PERSECUTION: Christian man who converted from Islam beaten in the street

by Kelly Ledbetter |

(British Pakistani Christian Association)Nissar Hussain (center) receives prayer from Pastor Bryon Jones and Assistant Pastor Tolu at the Eden Centre for strength and a swift recovery.

BRADFORD, United Kingdom (Christian Examiner) – Nissar Hussain, a 50-year-old father of six, was beaten thirteen times with a pickaxe handle and punched and kicked by two hooded men in the streets because he has openly converted from Islam to Christianity.

Yet Hussain has forgiven his attackers because Christ forgave his.

"Most of the Muslim community here have turned a blind eye to what we are going through. There are some who have condoned it, but there are also those who are directly committing hate crimes against us."
- Nissar Hussain

"Over the years we have been called to re-exercise our faith and deep in faith we have forgiven our attackers," Hussain said in a speech to Christians about his ongoing persecution. "This is what the Lord requires of us as He forgave—while He was hung on a cross He forgave those who persecuted Him."

Hospitalized for 11 days for a fractured hand and kneecap, Hussain was unable to attend the multi-faith peace rally held outside the Bradford City Hall in response to his long-term, escalating persecution.
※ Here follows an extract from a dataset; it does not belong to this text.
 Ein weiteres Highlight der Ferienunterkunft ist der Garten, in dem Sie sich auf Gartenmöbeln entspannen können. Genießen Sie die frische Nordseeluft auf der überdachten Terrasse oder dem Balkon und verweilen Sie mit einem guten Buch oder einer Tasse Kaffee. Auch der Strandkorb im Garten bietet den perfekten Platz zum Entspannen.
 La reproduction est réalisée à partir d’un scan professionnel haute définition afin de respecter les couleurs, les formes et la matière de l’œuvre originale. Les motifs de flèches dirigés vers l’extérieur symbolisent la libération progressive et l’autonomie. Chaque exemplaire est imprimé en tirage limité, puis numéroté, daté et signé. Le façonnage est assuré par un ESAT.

Despite the brutal physical attack, Hussain says he feels close to God. "I felt the Lord's presence so intimately and the Lord has come through for us in miraculous ways that we could never have imagined," he said.

EXTREME PERSECUTION

Hussain's car has been vandalized six times, firecrackers have been thrown at his home, Muslim friends and family have ostracized or condemned him, arson in an adjacent home threatened his and his family's lives, and he has already once relocated for his safety, according to the British Pakistani Christian Association (BPCA).
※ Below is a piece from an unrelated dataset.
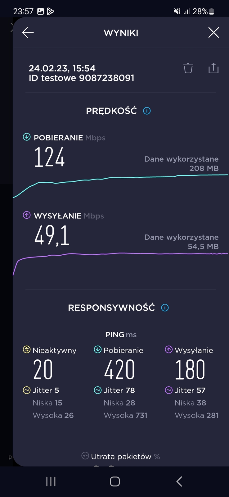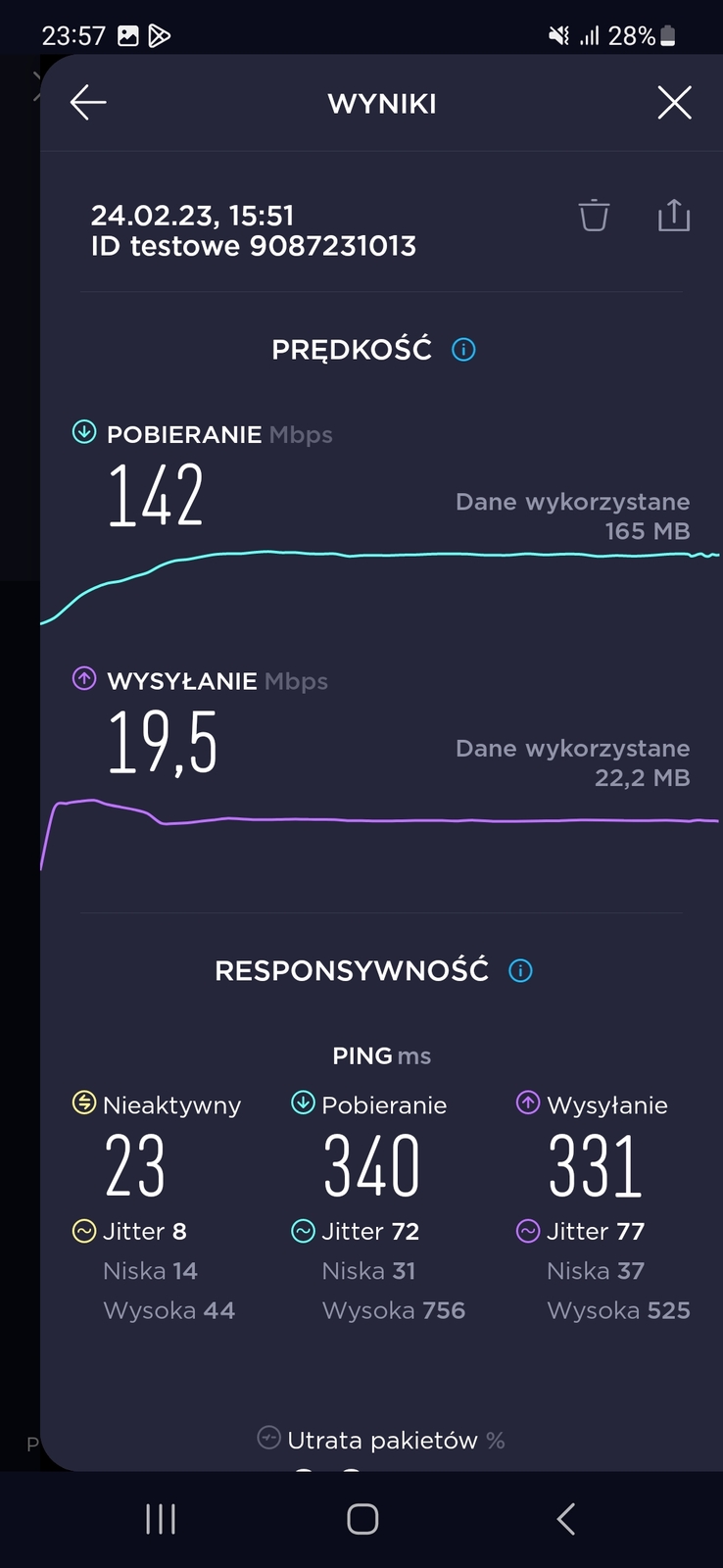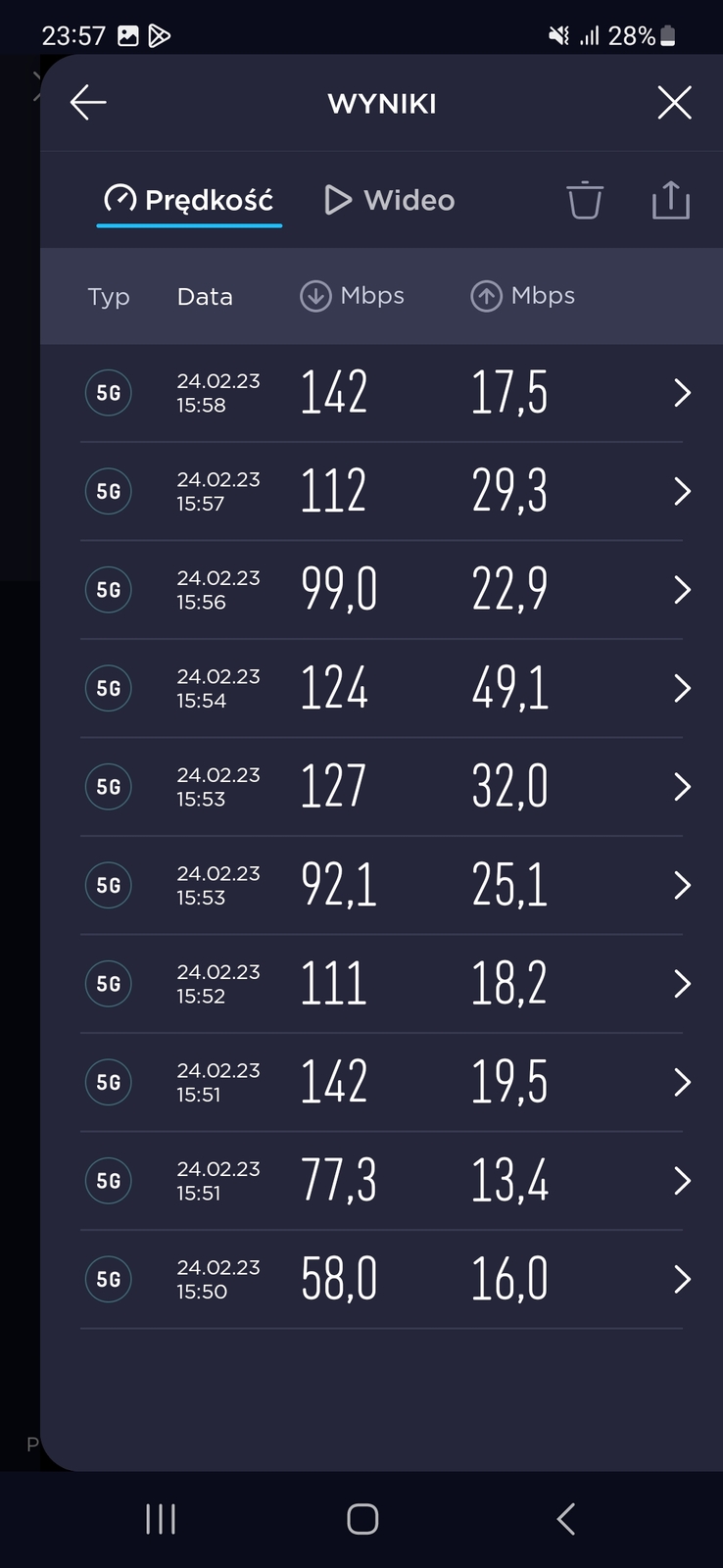 W temacie wyposażenia oczywiście jest „na bogato”, ale nie mogło być inaczej – w końcu to przedstawiciel flagowej linii Samsunga. Mamy więc obsługę sieci 5G i to naprawdę na dobrym poziomie. Pod Warszawą, praktycznie na granicy zasięgu sieci 5G (wg. mapy Orange), w 10 próbach w programie Speedtest, uzyskałem maksymalnie 142 Mb/s (pobieranie) i 49,1 Mb/s (wysyłanie danych). Wynik rewelacja, biorąc pod uwagę, że test odbył się na granicy zasięgu, a nie w dużym mieście. Oczywiście możemy skorzystać również z Wi-Fi w najnowszym standardzie 6e.

"Despite the recent brutal attack outside my home, I have no doubt whatsoever that the Lord was watching over me and preserved my life as it could have been fatal," Hussain testified. "I felt His warm and glowing presence throughout the ordeal and its aftermath."

For years, Hussain struggled to conceal his belief in Christ from his parents, his wife and children, and his close Muslim friends, but now shares his faith openly because he wants to raise awareness about the persecution of apostates in the United Kingdom.

"We are under the cosh [under pressure] and classed as blasphemers," Hussain said, according to Premier Christian Radio.

At the peace rally, held Dec. 5, BPCA president Wilson Chowdhry urged the police to recognize Hussain's attack as a hate crime and the government to implement better protection for those like Hussain who are targeted for their faith.

"There should be no compulsion in faith, and we hope that more and more of our Muslim brothers and sisters will veer away from the animosity they have for those who choose to leave the faith and enter other beliefs," Chowdhry said to the Telegraph & Argus.

"The only way to change this is for the Muslim community to start working in their own parishes, preaching a more peaceful Islam," Chowdhry urged. "If that doesn't change, you will have not just apostate hatred, but the continued polarisation in our communities."

UNITY, NOT HATRED

Those present at the rally held British flags and signs saying "We Love Muslims," "Justice for the Hussains," and "Our Human Right."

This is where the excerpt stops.